The idea was to build, once again, a 2D RPG. No single developer could ever build anything approaching the scale of a modern RPG, but perhaps a lone programmer could put together something “old school.” Since mobile was ‘hot’ and smaller devices seemed like they might lend themselves better to a slow, low-res 2D game, and Java was ‘everywhere’, I decided to go with Android. Having never developed in Java, or OO for that matter, or on any framework, in March 2013 I nevertheless signed myself up for a full-day “Introduction to Android” boot camp taught by the amazing Nathan Esquenazi and Tim Lee, founders of CodePath.
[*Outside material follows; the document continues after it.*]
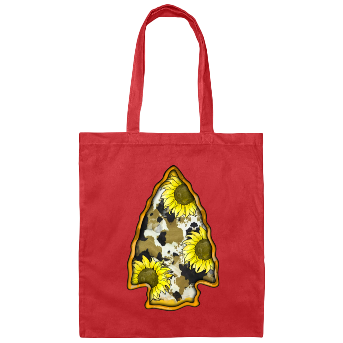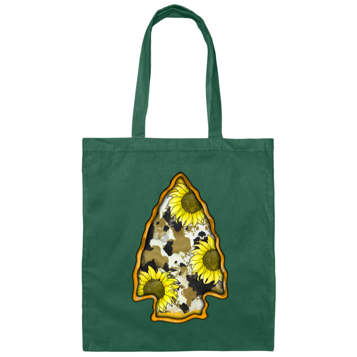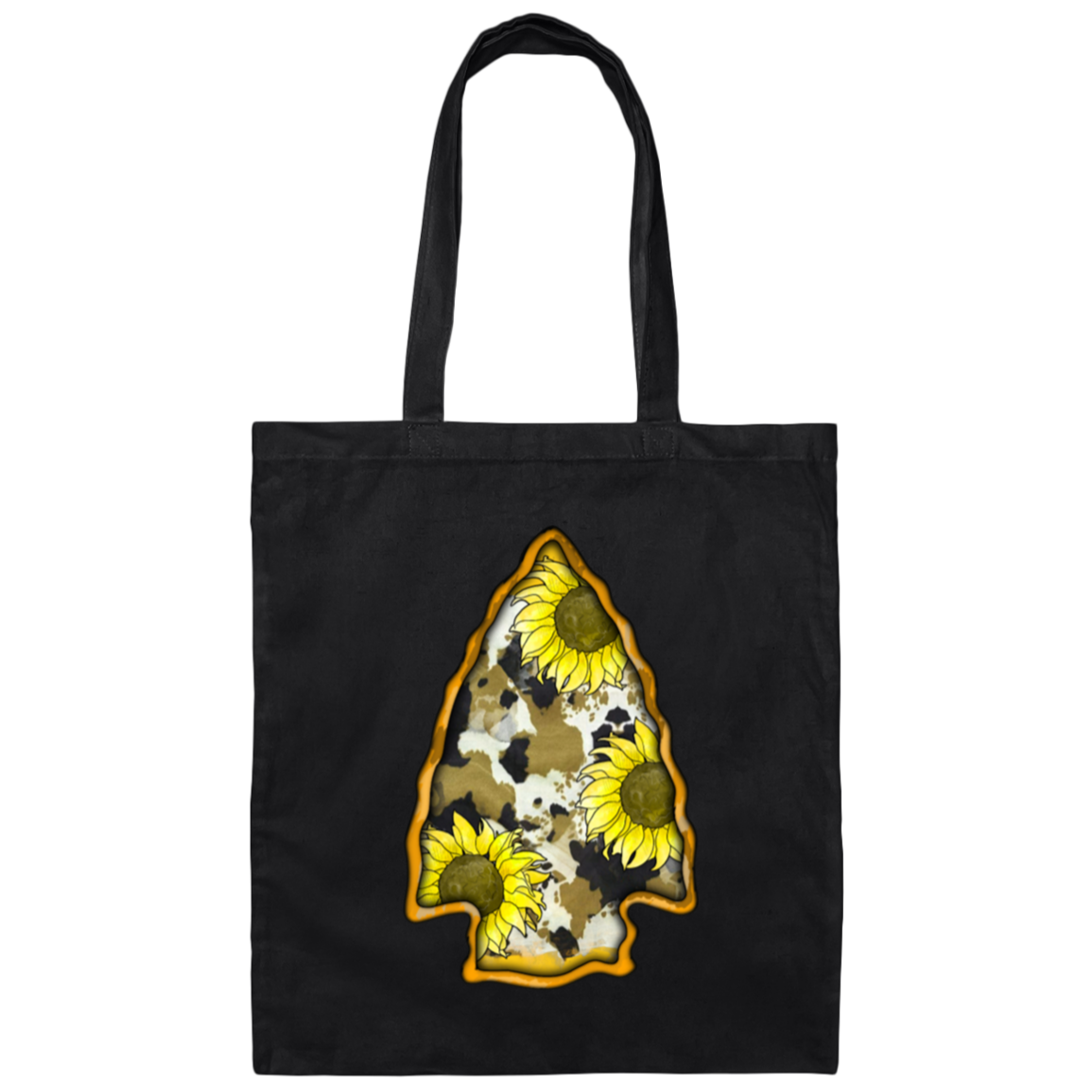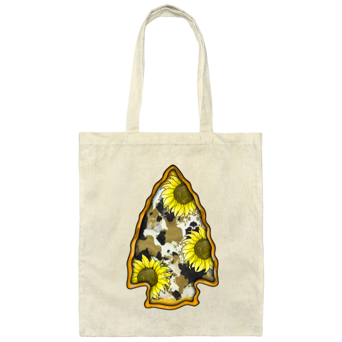 Cowhide And Sunflower Arrowhead, Love To Go Hunting, Love Hunter Canvas Tote Bag

That was a very depressing day.

I understood nothing and left convinced that there was no way this would ever happen. Yet in my minuscule amount of free time I persisted. Nathan and Tim were nothing short of fantastic in coaching me along the way, for no other reason than their love for teaching people to write code. My Stack Overflow page views grew. (How did anyone ever do anything without SO?) My wife was amazingly supportive, as always. Teeny, tiny pieces started coming together bit by bit (pun intended) until one day, finally, I got “it.”

Perseverance

Today, 10+k lines of code later, I think I can legitimately say that I have what is beginning to approach a real game, that people might actually be able to play. It may not be coming soon, or perhaps even ever at this rate, but in a relatively bug-free manner you can create a character, move around, do some stuff, kill a few monsters and get wiped out yourself. Fun!

Mortal Wayfare is not publicly available, but this website was put together a couple days ago to share (the very slow) progress and invite a few patient, understanding friends to Alpha test. Check out the Forum and come back periodically for updates. Perhaps one day we’ll meet in the Google Play Store.